Some trainers and some people are better at clicker training than others....


----------



## Megora (Jun 7, 2010)

Sally's Mom said:


> Some trainers and some people are better at clicker training than others....


*echoes* I admire people who can click successfully. 

For me I could bleat "yes" faster than remembering which hand had the clicker (much less remembering to click it).


----------



## jweisman54 (May 22, 2010)

Megora said:


> *echoes* I admire people who can click successfully.
> 
> For me I could bleat "yes" faster than remembering which hand had the clicker (much less remembering to click it).


I use both the clicker and the "yes" and agree with Megora that saying "yes" is much easier than to remember where the clicker is in hand. That being said, it was much easier to teach Izzy how to pivot on something using the clicker, how to put the ball into a bucket with a clicker. Basic training with her has always been with "yes" and no clicker.
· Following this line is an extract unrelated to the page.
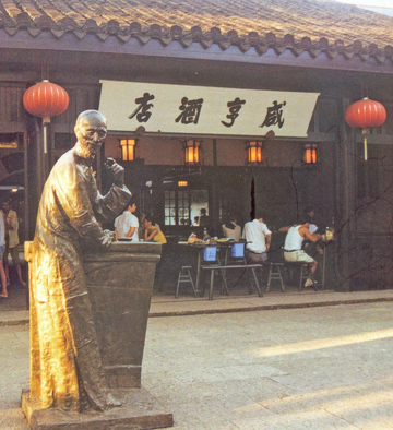 魯迅活著時(shí),為了寫作,長年累月地咳嗽、咳痰、咳血;魯迅長年沒有固定的月薪收入及“灰色收入”,只是個(gè)自由撰稿人,靠一個(gè)字一個(gè)字地在燈下爬格子換取收入。 魯迅死后,魯迅的姓名、肖像甚至連其筆下的人物、地名都成了財(cái)富。咸亨酒店、魯鎮(zhèn)茶座、百草園飯店、阿Q酒家,在紹興市比比皆是。冠以三味、百草園、祥林嫂、孔乙己、阿Q、華老栓的商店及商品充斥紹興,像孔乙己茴香豆、魯鎮(zhèn)牌醬鴨、七斤嫂烏干菜等還注冊(cè)了商標(biāo)。 有商業(yè)眼光的人士敏銳地意識(shí)到魯迅小說《孔乙己》中“咸亨酒店”這4個(gè)字的含金量,便依照小說中描寫的格局在魯迅路上修建了咸亨酒店,在酒店門口放置了孔乙己塑像。游覽紹興的國內(nèi)外游客慕名而來,“咸亨”成了中國馳名商標(biāo),財(cái)源滾滾。 據(jù)紹興市工商局統(tǒng)計(jì),該市以魯迅作品中的人名、地名作企業(yè)名稱或商標(biāo)的已達(dá)300多件。

JMO


----------



## tippykayak (Oct 27, 2008)

I like using the clicker when I'm precisely shaping a particular behavior. It gives you a precision that's hard to master with a voice.

In other situations, though, "yes!" is easier to use as a marker. It has the advantage of being handsfree and being a more of a primary reinforcer in its own right.

I agree that what the OP saw was probably "loading" the clicker. You need to make the initial pairing between click and treat, so many clicker advocates will faithfully "load" that association by simply clicking and treating over and over (not everybody believes it's necessary to load the clicker every time).

You may also have seen incompetent clicker training, and there's also a chance that the owner was shaping a behavior that made no sense from an outside view. 

For example, you might be teaching a dog to put all four paws on an unfamiliar surface. You might start shaping by clicking and treating every time the dog happens to touch one paw to the surface. Once you had that, you'd move to two, etc. From the outside, you might look crazy, but in context, you might be doing something quite precise and intelligent with your dog.


----------



## Photosbykev (Jun 12, 2011)

I've been watching a series on youtube which I've found very informative for clicker training. This is the chap posting them


----------



## Discoverer (Feb 3, 2011)

Megora said:


> *echoes* I admire people who can click successfully.
> 
> For me I could bleat "yes" faster than remembering which hand had the clicker (much less remembering to click it).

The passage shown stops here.